# Is Gucci a good brand?



## Charlie Music Fan

I assume they're made in Italy, correct? Also, they're pricier than some other designer brands like Michael Kors. With Guccii are we paying for designer name or a quality watch or both. I like some orf their designs.


----------



## Paulo 8135

I've looked into Gucci a bit. They seem to be about twice the price of your average fashion brand and seem to have sapphire crystals often, which is rare in a fashion brand. They also sometimes do (or have done) watches with solid gold cases, while generally with fashion brands you would only ever get plated. I get the impression they may be a bit of a mini-Cartier, I'm not totally sure though.


----------



## Dancing Fire

Charlie Music Fan said:


> I assume they're made in Italy, correct? Also, they're pricier than some other designer brands like Michael Kors. With Guccii *are we paying for designer name* or a quality watch or both. I like some orf their designs.


Yes


----------



## Stellite

I would consider them like Movado. They have a mix of fashionable watches with some that might interest a WIS. But most WIS would probably stay clear.


----------



## little big feather

Gucci and saddlebags.....Forever a fashion Icon....Watches,no.......IMHO


----------



## sticky

i believe that Gucci are a fashion brand, a top end one, but a fashion brand all the same.


----------



## 403acmash

Can't go wrong with Gucci!

_If you're buying a purse..._


----------



## Call_me_Tom

My ex wife had a gold Gucci, it was nice but I never viewed as fine time piece.


----------



## Hatman14

My mums got one, it's a really well made nice watch, she was looking at a longines which was identical but over double the price, in all fairness the Gucci was every bit as nice, I think they are perfect for ladies who want a nice watch by a recognised brand, it's rare to find women who into watches like men so the movements and heritage don't matter


----------



## Horologic

I bought a few Gucci watches in my youth. One bought used from a friend, two purchased new. At the time, I thought they were luxury pieces. 
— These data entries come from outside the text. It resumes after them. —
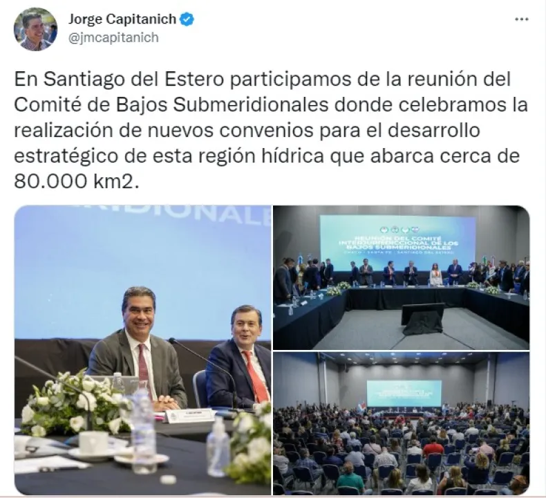 "En Santiago del Estero participamos de la reunión del Comité de Bajos Submeridionales donde celebramos la realización de nuevos convenios para el desarrollo estratégico de esta región hídrica que abarca cerca de 80.000 km2", escribió el gobernador de Chaco tras la reunión con el presidente.
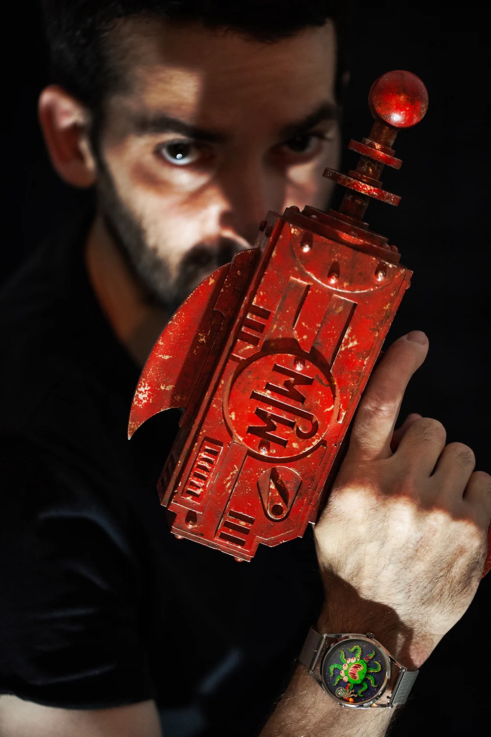 Démarquez-vous de la foule avec cette montre à monstre qui interpelle. Conçu par l'artiste et concepteur de personnages Onorio D'Epiro (ci-dessus), Monster Melter 3000 montre un homme spatial enfermé dans un combat mortel avec un extraterrestre terrifiant mangeur d'hommes. Armé de son puissant pistolet à rayons, va-t-ilvaincre le monstre ? Cette montre ludique est un hommage aux films descience-fiction et à la bataille épique entre l'extraterrestre et l'homme spatial. Le design est imprimé dans des pigments néon vifs qui reflètent l'origine d'un autre monde du monstre. Comment lire l'heure ? La position du pistolet à rayons de l'homme spatial indique les minutes. Le tentacule coupé du monstre vous montre l'heure. Chaque couleur que vous voyez dans le design a été mélangée à la main, avant d'être aérographe et imprimée couche par couche et assemblée par notre équipe d'atelier dédiée ici à Londres. Onorio (explique son inspiration de conception pour Monster Melter 3000 : « J'ai toujours aimé les films de science-fiction tels que Alien, Blade Runner et 2001. Je voulais donc vraiment concevoir une montre qui rende hommage à ce genre au cinéma. La bataille finale dans Aliens m'a toujours marqué comme un moment vraiment cool et je l'ai utilisé comme source d'inspiration, mais avec ma propre touche ludique. Je veux dire, qui n'aime pas un monstre tentaculaire baveux avec 30 yeux ! Mon objectif principal est de concevoir une montre amusante qui vous fasse sourire chaque fois que vous regardez votre poignet. »
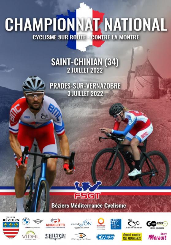 Bonjour, Voici vous trouverez en téléchargement libre ici la liste définitive des engagé(e)s du Championnat National FSGT de cyclisme Route et Contre la montre des 2 et 3 Juillet 2022 à St Chinian & Prades sur Vernazobre (34).
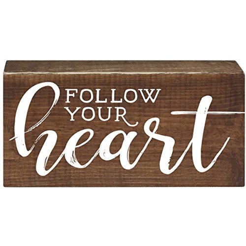 Follow Your Heart Inspirational Pine Block Quotes for Women and Men Gift ideas for Husband, Wife, Family, and Best Friends 2" x 6" x 12" (Dark Walnut)
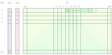 The Boolean expression uses the variables set out in the following table. Here, is a machine state, is a tape position, is a tape symbol, and is the number of a computation step.
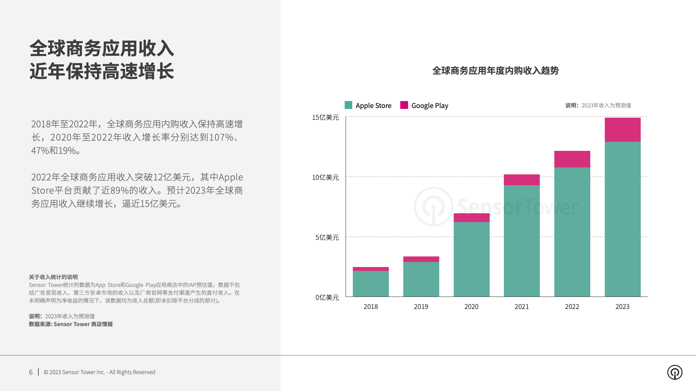 近年来,全球商务应用内购收入持续攀升,2020年至2021年收入增长率分别达到107%和47%。2022年全球商务应用收入继续增长,突破12亿美元。
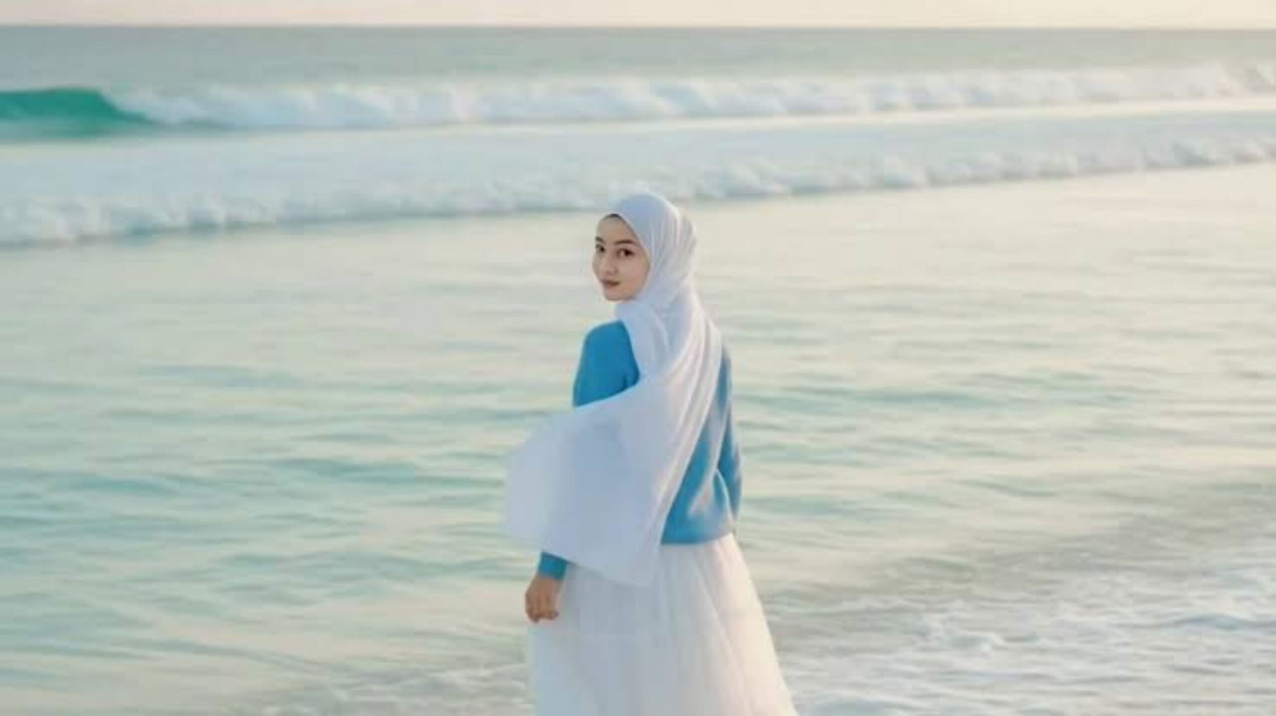 Edit foto tanpa mengubah wajah, menjadi potret berhijab dengan pashmina putih yang menjuntai dan dress flowy berwarna biru muda yang bergerak tertiup angin lembut. Ia berdiri anggun di tepi danau dengan cahaya matahari sore yang memantul di permukaan udara, hasilnya tampak alami bergaya candid.
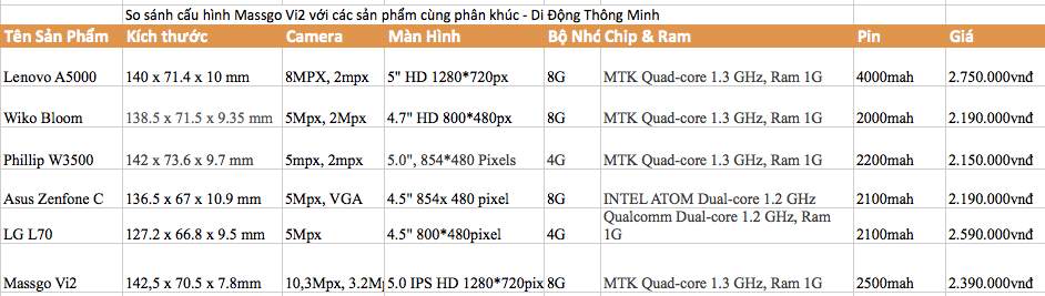 Dựa theo bảng trên chúng ta thấy Massgo Vi2 sở hữu thiết kế có độ mỏng nhất, gọn hơn Leonovo A5000 với cùng màn hình 5″, vượt qua rất nhiều sản phẩm khác vì sở hữu độ phân giải HD, và thời lượng pin đứng thứ nhì sau A5000, nhưng mức giá lại rẻ hơn rất nhiều. Camera trước và sau với số chấm bỏ xa các đối thủ có thể là 1 ưu điểm của sản phẩm này.
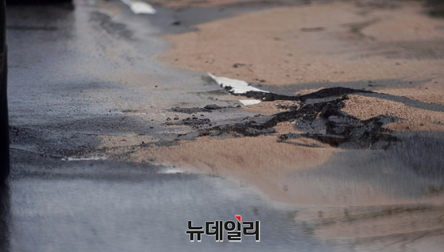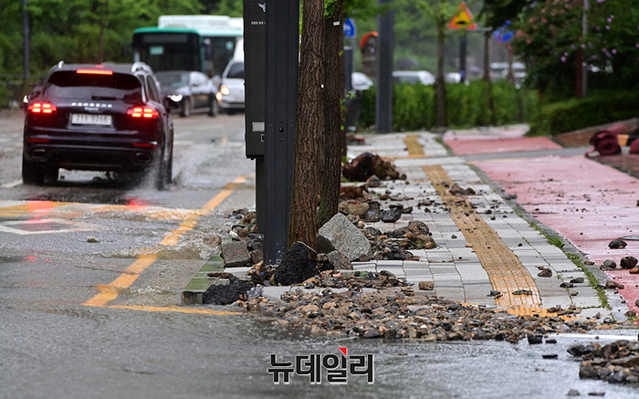 수도권 지역에 집중적으로 내린 폭우로 9일 오전 경기 성남시 동막로 일대에 침수피해를 입은 차량이 방치돼 있다. 도로 곳곳엔 어젯밤 폭우로 침수된 차량이 곳곳에 방치돼 있다. 도로는 파손되고 인도는 넘어 들어온 자갈과 모래 등이 쌓여 통행이 불편하다.

Nowadays, I have no interest in them. But I could see myself maybe buying a Gucci watch for a girlfriend. (If she wanted one)


----------



## StufflerMike

Do not know if it is a good brand, it is a fashion brand for sure. I doubt they are made in Italy since Gucci states they are swiss made. Gucci timepieces is heaquarted in La-Chaux-de-Fonds, CH. Dials are made by Gucci owned manufacturer Fabbrica Quadranti in Besatio, Ticino, CH.


----------



## Will_f

They have made a few very nicely made watches, and some pretty mediocre watches. Typically their sticker price is about double what they're worth, but depending on the watch, not a bad pick-up @ 50% off.


----------



## mpalmer

You are paying for the name with almost any fashion watch as they are poor value for money compared to watches made by actual watch companies with similar specs. That said, Gucci does make well made fashion watches, most (all?) are "Swiss Made" and use sapphire crystals. If you want to pay for a fashion brand name, you could do worse than Gucci because at least you are getting a Swiss Made watch with a sapphire crystal for your hard earned money.

While it wouldn't be my choice, I bought my wife a Gucci diamond watch several years ago and she is very happy with it. It is well made and styled, but I still doubt I could have bought it had it not been deeply discounted.


----------



## john111

Gucci watches I personally don't know if there any good but definetly a fashion watch like calvin Klien they might have sales due to their brand name but not as you know not a watch specialist or a watch company


----------